The problem comes when The Base feels heard. Ted Cruz, for all his recent dramatics, was a fairly well controlled demon: he could appeal to the GOP Base's appetite for war--but (a) his power was limited and (b) there was only so far he, himself, was willing to go (he voted for the TPP, for example). Cruz wasn't running a scorched earth campaign.

But he is now. He has to. Anyone up against Trump--except maybe Jeb, who is not appealing to The Base--has to. This is because while news like the boy scouts re-alignment continues to dribble in, and real-politik demands that the Senate do things like pass the Iran deal (which may or may not happen--but the vote on this really happened a while back)--and the Highway Bill (needed infrastructure) then conservatives who only see things in terms of pro-Obama or anti-Obama will feel continually defeated and victimized.

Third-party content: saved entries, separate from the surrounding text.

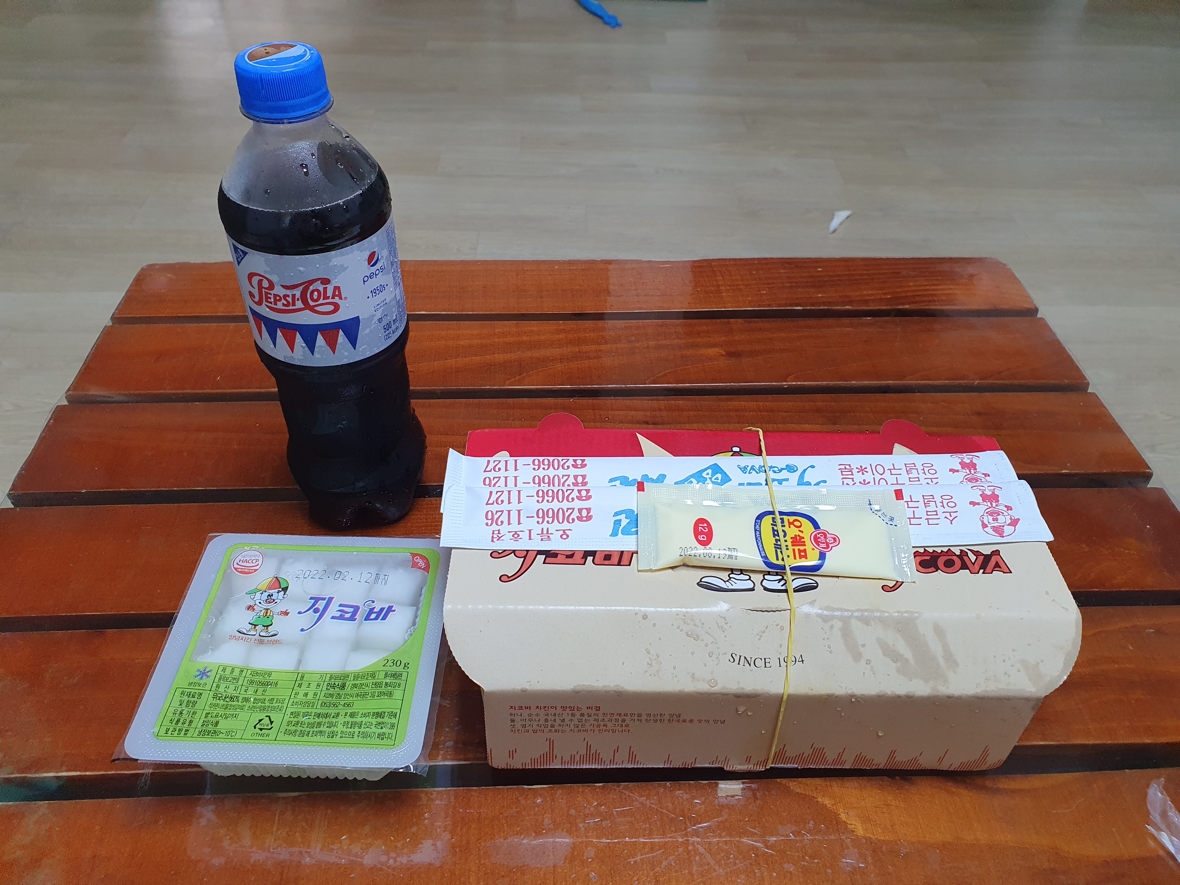 비닐봉지에서 꺼낸 구성은 콜라 500ml, 치킨무, 젓가락 2개, 마요네즈, 순살양념치킨 순한맛이었습니다.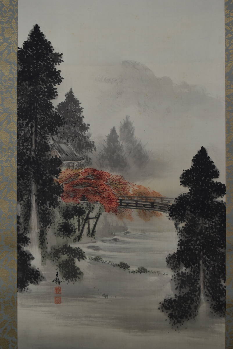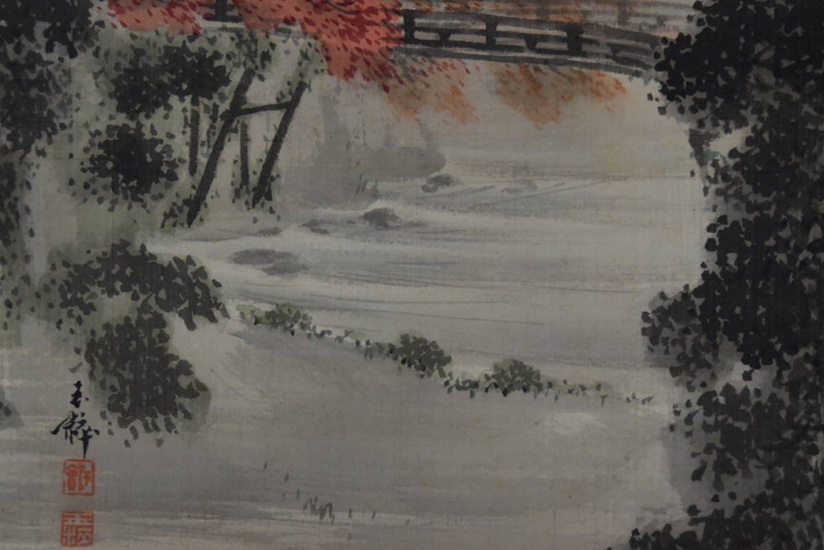 真作/長谷川玉粹/長谷川玉峰の子/五十鈴川紅葉図//掛軸☆宝船☆AA-271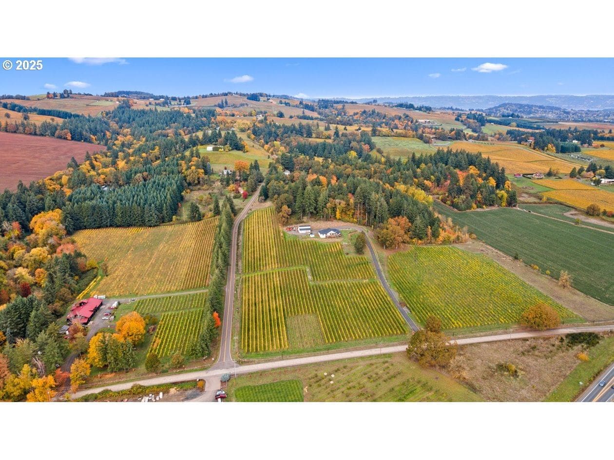 Looking for a private, unique, nature-rich setting, surrounded by rolling hills and vineyards, in the very heart of wine country? Inhale the scent of stately trees while strolling this sylvan, park-like estate. Offering a rare chance to acquire a coveted address, this property is located in the famous Dundee Hills AVA, south of Dundee, minutes to McMinnville, Carlton & Newberg. Enjoy quick access to Hwy99w & Hwy18, easily connecting to Portland, Salem & the Oregon Coast. >>Lots of infrastructure is already here: well & newer pressure tank, newer septic, six out-buildings (including an oversized, high-door 2-bay shop, a 5-bay machine shed with office and half bath, a critter barn & a chicken coop), fenced-in equipment yard, double power meter drops, plentiful paved parking & winding driveways, and a 3,100+ sf 'blank slate' residence, ready for your custom touches. Recent repairs include a 2020 Heat Pump/Air Handler, 2006 Electrical & mechanical repair, and 2011 Septic System major repair. >>This mid-century modern floorplan could really pop with a bold remodel. The solid structure might also make an exotic tasting room or bed & breakfast*, with large gathering spaces, two kitchens, two decks and an 'infinity view' patio area overlooking south facing valley & vineyard views. Alternative, private building sites are also available on this sprawling wooded acreage. *Please don't enter the property without an appointment. *Buyer to do all due diligence to support the intended use. Ask your broker to send you the details including maps, floorplan & developer's packet available with this listing. >>Finally, take a drive along Breyman Orchards Road and soak in the rolling countryside, passing along the way world-renown destinations including Remy Wines, Durant Vineyards & Olive Mill, White Rose Estate, De Ponte Cellars, Resonance Dundee Hills, Domain Drouhin & Domaine Serene. What a magical, wonderful location! 1.6-bay equipment shed incl. office w/ half bath, h2O pressure tank & commercial meter drop. 2. 2-bay high-ceiling shop w/large overhead doors. 3."Critter" barn for livestock, ponies, poultry. 4. Poultry coop & pen. 5. Well pump house & tool sheds.

The fact that their leaders really cannot protect them from these things has never, ever been explained to them. From every blog-writer and talk-radio host to every Fox News talking head, people who are directly interacting with The Base have told them what they wanted--needed--to hear: that there was hope so long as their leaders were rock-ribbed enough.

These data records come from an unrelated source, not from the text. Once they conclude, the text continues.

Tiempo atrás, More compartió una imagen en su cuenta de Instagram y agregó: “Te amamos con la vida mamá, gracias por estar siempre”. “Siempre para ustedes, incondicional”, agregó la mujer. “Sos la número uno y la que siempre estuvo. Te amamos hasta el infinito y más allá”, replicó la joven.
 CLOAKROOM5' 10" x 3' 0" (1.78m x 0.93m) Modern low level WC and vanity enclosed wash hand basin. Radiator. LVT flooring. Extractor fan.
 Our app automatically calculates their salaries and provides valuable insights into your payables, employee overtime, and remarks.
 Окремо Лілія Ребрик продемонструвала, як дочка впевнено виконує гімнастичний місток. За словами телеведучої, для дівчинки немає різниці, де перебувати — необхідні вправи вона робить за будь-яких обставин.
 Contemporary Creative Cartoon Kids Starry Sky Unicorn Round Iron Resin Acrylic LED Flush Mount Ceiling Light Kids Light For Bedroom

They were never told their perspective on governing was basically unworkable. They were never told that the GOP housed some serious racists under its big-tent. This could never be said because it would be fatally wounding. The problem is that now The Base has a champion in Donald Trump: and he's thus far found a way to say exactly what they want to hear. This makes him very, very unpopular with a lot of people--but for an enraged base, they either have to hear it from their leaders--or they'll keep supporting Trump.

And that's the problem: what they want to hear isn't actually a governing solution. What the Mark Levins and Rush Limbaughs of the world (and even to a smaller degree the Jazz Shaws and Noah Rothmans) have been selling is a fantasy of righteous victimization and coming (always coming) dominance when Their Leaders are finally empowered.

Well, that's what Trump is--empowered, conservative (real or not, he's hitting all the right notes)--and now . . . they don't like it.

Who would have thought it??

A Note On Trump 'Raping' His Wife

The Omnivore is pretty sure that the latest Trump-tastrophe of his ex-wife saying she felt violated by him and Trump's lawyer saying "you can't rape your wife" won't bring him down. Why not? Well, folks, two reasons:
  1. Trump didn't say it--and like it or not, that matters. After all, much as we might like to think it would, Obama's pastor saying all kinds of anti-American bullshit didn't bring him down. Voters who like a candidate will dismiss/forgive anything that didn't come directly out of their mouth . . . and even then . . . 
  2. The Omnivore suspects that The Base either agrees that you can't really rape your wife (or, at least, that your wife feeling "violated"--but not in a criminal sense--doesn't count).
In any event, this will be solid gold with the women's vote next November--no matter how it plays out. Especially as The Omnivore thinks that with a non-negligible sub-set of Trump supporters, this window into Trump's gender relations will probably help him.

1 comment:

  1. So the next entry in this series might be titled "What to do about the Base?", as that is the real challenge facing the Right. 'Compromise' not in the Base's lexicon, though maybe 'Divorce' is...going to go refill my popcorn bowl now.